The new look and graphics, created in-house at Starz Encore's headquarters have an edgier, hipper feel that complements the films and special attractions programmed for the channel. "Our audience is media savvy," says Che Che Mata, Vice President, On-Air Promotion. "They've grown up with MTV, video games and computers, and they definitely pay attention to style and trends. They're snowboarders, skiers, skateboarders, BMXers, surfers, or just plain kids in the know, and we think the channel will definitely connect with them."

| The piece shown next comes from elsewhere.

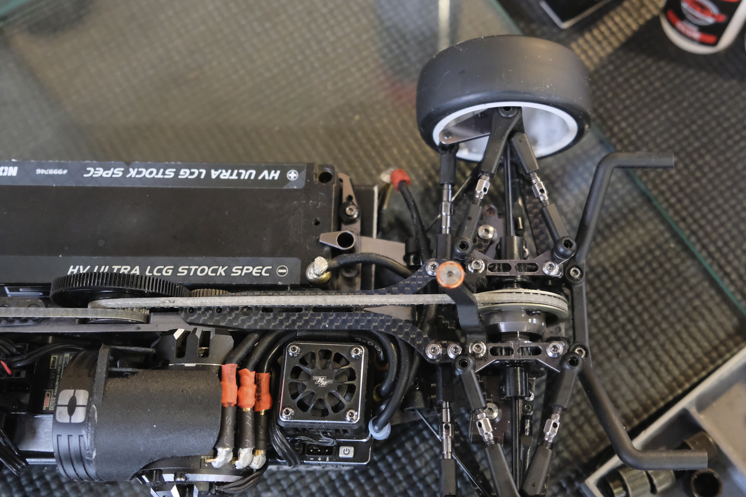 La Inf1nity IF14 Speciale de Raffaele Tolotta.Si ce tout nouveau modèle de Inf1nity a été présenté officiellement vers la mi-juillet 2025, cette seconde manche des IndoorSeries 2025-2026 est la première fois qu'il m'a été donné l'occasion de pouvoir en photographier deux. En effet, deux Inf1nity IF14 Speciale étaient présentes sur cette seconde manche des IndoorSeries 2025-2026. Une présentation plus détaillée de ces Inf1nity IF14 Speciale est disponible sur une page dédiée de ce site. La première auto, en version châssis aluminium flex, présentée en photos ci-dessous est celle de Raffaele Tolotta. Elle est équipée de plusieurs options, comme par exemple la poulie centrale "low friction" de 20 dents référence TS004LF et les poulies de spool et de différentiel"low friction" de 38 dents référence TS002LF, et de visserie en titane, probablement d'origine Hiro Seiko. |
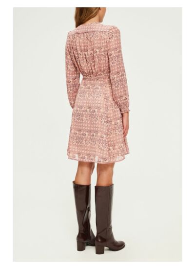 Robe courte en mousseline avec un imprimé floral et une pointe de lurex. A porter l'hiver comme à la mi-saison. Esprit bohème chic.

In July, ACTION will also present exclusive interviews with action stars such as Vin Diesel (XXX, The Fast and the Furious), Jet Li (Romeo Must Die, Lethal Weapon 4), skateboard champion Tony Hawk, and others. Action Girl, a series of exciting over-the-top action vignettes featuring a Lara Croft-like character will help jump-start the re-launch.


----------



## gcutler (Mar 23, 2002)

Cool!!! I had never seen "Bubblegum Crisis" until I was on Action. I was hooked Immediately.

NeNe Rules!


----------



## Steve Mehs (Mar 21, 2002)

Im not a big fan of anime, but I ocassionaly watch some of the movies on Action. Theyre actually not that bad, and are alot better, IMO then DBZ or the anime on Cartoon Network.


----------



## Mark Holtz (Mar 23, 2002)

> _Originally posted by Steve Mehs _
> *Im not a big fan of anime, but I ocassionaly watch some of the movies on Action. Theyre actually not that bad, and are alot better, IMO then DBZ or the anime on Cartoon Network. *


Dragonball and Dragonball Z sucks. Cowboy Bebop is pretty good considering how much editing takes place.


----------



## Kevin (Mar 27, 2002)

I never really watched this channel but now I'm thinking about tuning in to it after these changes take place! The new lineup sounds interesting.


----------